The United States Congress is currently considering legislation that would allow bankruptcy judges to rewrite some of the terms of a mortgage to reflect the value of a homeowner’s property and the current mortgage investment climate. My colleague Wendell Sherk of the Bankruptcy Law Network notes the following about the legislation currently before Congress:
The legislation now pending in Congress would allow homeowners in Chapter 13 to rewrite their mortgages to reflect current market value with market interest rates for the long haul. In other words, it asks the investors to take a small loss to avoid a bigger one. The investor still has a lien on the debtor’s home and has the remaining investment protected from inflation by a market rate of interest. The investor doesn’t have to absorb the costs of foreclosure or the added losses from a fire sale real estate market. The mortgage servicer gets a performing mortgage in the portfolio again, although it loses all those additional fees it would charge for processing the foreclosure.
Traditionally, the Chapter 13 process has allowed debtors to rewrite the terms of credit card lenders, vehicle lenders, furniture lenders and pretty much every other kind of lender – except mortgage lenders. Perhaps it is time for mortgage lenders to become full participants in bankruptcy. Is it possible that the many abuses we see from the mortgage industry arise from their special status?

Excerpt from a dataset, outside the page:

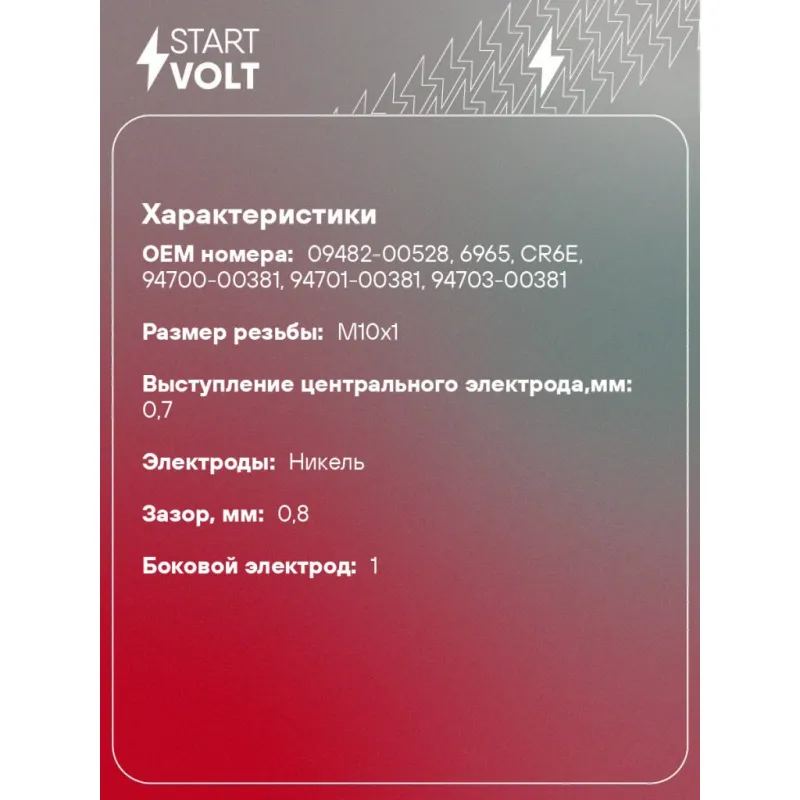 Свеча зажигания для мототехники Suzuki VZ (10-) ан. CR6E Описание: Гарантийный срок - 2 года. Характеристики: Артикул: VSP 3583 OEM номера: 09482-00528, 6965, CR6E, 94700-00381, 94701-00381, 94703-00381 Резистор: Есть Момент затяжки, нм: 10-15 Ширина ключа,мм: 16 Размер резьбы: M10x1 Длина резьбы,мм: 19 Выступление центрального электрода,мм: 0,7 Боковой электрод: 1 Электроды: Никель Зазор, мм: 0,8 Маркировка: NB6R Комплектация: Свеча зажигания - 1 шт Гарантия: от 1 года.

As a proponent of the free market, I have some concerns about empowering bankruptcy judges to rewrite mortgage loans. Such a change will impact the mortgage markets – good, bad or indifferent and no one knows exactly what such a change would mean. On the other hand, mortgage lenders have brought this rather significant change upon themselves with a litany of questionable and abusive practices:
- teaser rates
- balloon notes
- interest only loans
- negative amortization
- lack of tranparency with fees
- unexplained fees, costs and charges
All this brings to mind the observations of Robert Peroni, my tax law professor at Tulane Law back in the early 1980’s – greedy people lead to the enactment of bad law. Professor Peroni was fond of noting that attempts by wealthy doctors to shelter income from taxes led to the closing of otherwise legitimate tax shelters. I think that the same process is at work here.